OUR GALAXY

OUR GALAXY

ASTROPHYSICS| GALAXY| BLACK-HOLE| COSMOLOGY| SPACE

The main problem about trying to find out the shape of the Galaxy is that we live inside it; the situation is rather like that of a man who is standing in Piccadilly Circus and trying to work out the shape of London. Originally – and quite naturally – most people assumed that the Sun, with its planets, must lie near the center of the Galaxy; for example William Herschel found that star numbers are much the same all along the Milky Way, though admittedly some parts of it are richer than others.

 The first really reliable clue came from radio astronomy, during the 1940s. It was known that there is a great deal of thinly spread matter between the stars, and it was reasonable to assume that much of this must be hydrogen, which is by far the most plentiful of all the elements. 

In 1944, H. C. Van de Hulst, in Holland, predicted that clouds of cold hydrogen spread through the Galaxy should emit radio waves at one special wavelength: 21.1 centimetres. He proved to be right. The positions and the velocities of the hydrogen clouds were measured, and indicated a spiral structure – which was no surprise, inasmuch as many of the other galaxies are also spiral in form. 

By now we are in a position to draw up what we believe to be a reliable picture of the shape and structure of the Galaxy. It is about 100,000 light-years from one end to the other (some authorities believe this to be something of an overestimate), with a central bulge about 10,000 light-years across. 

The Sun lies between 25,000 and 30,000 light-years from the galactic center, not far from the main plane and near the edge of a spiral arm. Beyond the main system there is the galactic halo, which is more or less spherical, and contains objects which are very old, such as globular clusters and highly evolved stars. 

There are in fact two distinct ‘stellar populations’; the relatively young Population I, found in the nuclei of our Galaxy and others, and the older Population II, which is dominant in globular clusters and other halo objects.

We cannot look directly through to the center of the Galaxy, because of obscuring material; the center lies beyond the lovely star-clouds in Sagittarius. Infra-red radiations are not blocked in the same way, and the center was located as long ago as 1983 by IRAS, the Infra-Red Astronomical Satellite. 

It had long been suspected that there might be a massive central black hole, associated with a compact X-ray and radio source known as Sagittarius A* (pronounced Sagittarius A-star). This was confirmed in 2002 by observations made with the Yepun mirror of the VLT. 

Stars were detected in the central region, and one of these stars, lettered S2, was found to orbit the central object in a period of 15.2 years, approaching the object to a mere 17 light-hours (three times the mean distance between our Sun and Pluto). The orbital speed reached over 5000 kilometres (3100 miles) per second. 

This indicates that the black hole, Sagittarius A*, has a mass around 2.6 million times that of the Sun. Near it there are swirling gas-clouds and highly luminous stars.

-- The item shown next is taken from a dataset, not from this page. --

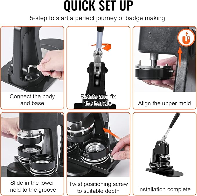 Vevor 3-in-1 Button Maker Machine, 1/1.25/2.28 Inch (25/32/58mm) Pin Press Kit

We know that the Galaxy is rotating round its center, and that our Sun takes about 225 million years to complete one circuit. 

Yet the general rotation does not follow the expected pattern. Kepler’s Laws show that in the Solar System, bodies moving close to the center (in this case the Sun) move quicker than bodies which are further out, so that, for instance, Mercury moves at a greater rate than the Earth, while the Earth moves faster than Mars. 

In the Galaxy, this sort of situation does not arise, and the speeds are actually greater near the edge of the disk. The only explanation is that the main mass of the Galaxy is not concentrated near the center at all, and there must be a tremendous amount of material further out.

We cannot see it, and we do not know what it is – all we can say for certain is that it exists. The ‘missing mass’ problem is one of the most puzzling in modern astronomy. Nowadays the term ‘Milky Way’ is restricted to describing the luminous band in the sky, though it is true that we still often refer to the Milky Way Galaxy. 

Sweeping along it with binoculars or a wide-field telescope is fascinating, and it is not always easy to remember that each tiny speck of light is a true sun.

KNOWLEDGE 

▲ In our Galaxy, neutral hydrogen (in blue) is aggregated mostly along the four large spiral arms where also HII regions (in red) and massive molecular clouds (in black) are clustered. The galactic center contains numerous expanding regions of ionized hydrogen and giant molecular complexes. It is surrounded by a huge ring of radius about 5 kiloparsecs where a great quantity of atomic and molecular hydrogen is concentrated.

▲ Center of our Galaxy, in an image obtained by the VLT Yepun telescope in 2002. The two small arrows in the center of the picture mark the position of Sagittarius A*. The color of the stars in this image is related to their temperature, with the blue ones being hotter than the red. 

▲ The center of our Galaxy as seen from observations made by the Infra-Red Astronomical Satellite (IRAS). The infra-red telescope carried by IRAS sees through the dust and gas that obscures stars and other objects when viewed by optical telescopes. The bulge in the band is the center of the Galaxy. The yellow and green knots and blobs scattered along the band are giant clouds of interstellar gas and dust heated by nearby stars. Some are warmed by newly formed stars in the surrounding cloud, and some are heated by nearby massive, hot, blue stars tens of thousands of times brighter than our Sun.